Par un mémoire en défense, enregistré le 31 juillet 2025, le Directeur général de l’OFII conclut au rejet de la requête.
Il soutient que les moyens soulevés par M. A ne sont pas fondés.
Vu les autres pièces du dossier.
Vu :
— le code de l’entrée et du séjour des étrangers et du droit d’asile ;
— la loi n° 91-647 du 10 juillet 1991 ;
— le code de justice administrative.
Les parties ont été régulièrement averties du jour de l’audience.
Ont été entendus au cours de l’audience publique :
— le rapport de M. Jehl,
— et les observations de Me Da Costa, substituant Me Pafundi, représentant M. A, ce dernier assisté de M. B, interprète en langue dari.
La clôture de l’instruction a été prononcée à l’issue de l’audience.
Considérant ce qui suit :
1. M. A, ressortissant afghan, a présenté le 22 mai 2025 auprès de la préfecture de police une demande d’asile, qui a été enregistrée en procédure accélérée. Il a accepté le même jour le bénéfice des conditions matérielles d’accueil. Par une décision du 2 juillet 2025, notifiée le 10 juillet 2025, le directeur territorial de l’Office français de l’immigration et de l’intégration (OFII) a mis totalement fin à ses conditions matérielles d’accueil, au motif qu’il avait dissimulé l’existence d’une protection internationale accordée par la Grèce. Le requérant demande l’annulation de cette décision.
Sur l’admission provisoire à l’aide juridictionnelle :
2. Aux termes de l’article 20 de la loi du 10 juillet 1991 : « Dans les cas d’urgence (), l’admission provisoire à l’aide juridictionnelle peut être prononcée soit par le président du bureau ou de la section compétente du bureau d’aide juridictionnelle, soit par la juridiction compétente ou son président ». Il y a lieu, dans les circonstances de l’espèce, de prononcer l’admission provisoire de M. A au bénéfice de l’aide juridictionnelle.
Sur les conclusions à fin d’annulation :
3. Aux termes de l’article L. 551-16 du code de l’entrée et du séjour des étrangers et du droit d’asile : « Il est mis fin, partiellement ou totalement, aux conditions matérielles d’accueil dont bénéficie le demandeur, dans le respect de l’article 20 de la directive 2013/33/ UE du Parlement européen et du Conseil du 26 juin 2013 établissant des normes pour l’accueil des personnes demandant la protection internationale, dans les cas suivants : () 3° Il ne respecte pas les exigences des autorités chargées de l’asile () ». Pour édicter la décision attaquée, le directeur territorial de l’OFII s’est fondé sur la circonstance, contestée, que l’intéressé n’avait pas respecté les exigences des autorités chargées de l’asile en dissimulant le fait qu’il avait déjà obtenu une protection internationale en Grèce. Toutefois, pour démontrer de la réalité de cette assertion, l’OFII se borne à produire, en défense, un document du 12e bureau du service de l’administration des étrangers de la délégation à l’immigration de la préfecture de police portant, dans un encadré intitulé « faits constatés par l’autorité administrative » la mention manuscrite " DA [ou « PA »] fraude PI (Grèce) « suivie de la mention manuscrite, d’une autre couleur et d’une autre main, » dissimulation ". Dans ces circonstances, en l’absence de toute note des autorités grecques, ou de tout autre document démontrant que le requérant aurait introduit une demande d’asile auprès des autorités grecques, que celles-ci l’auraient accepté, et que cette issue positive lui aurait été notifiée, l’OFII n’a pu, sans commettre d’erreur manifeste d’appréciation, considérer que M. A avait déjà obtenu une protection internationale en Grèce et lui retirer le bénéfice des conditions matérielles d’accueil.
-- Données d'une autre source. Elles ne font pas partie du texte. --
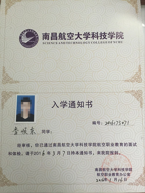 恭喜李順東同學(xué)被我校錄取【南航航空】

4. Il résulte de ce qui précède, et sans qu’il soit besoin d’examiner les autres moyens de la requête, que la décision attaquée doit être annulée.
Sur les conclusions aux fins d’injonction et d’astreinte :
5. L’exécution du présent jugement implique nécessairement qu’il soit enjoint à l’OFII de rétablir le bénéfice des conditions matérielles d’accueil au profit de M. A à compter de la date de leur cessation effective, dans un délai d’une semaine à compter de la notification du présent jugement. Il n’y a pas lieu, dans les circonstances de l’espèce, d’assortir cette injonction de l’astreinte demandée.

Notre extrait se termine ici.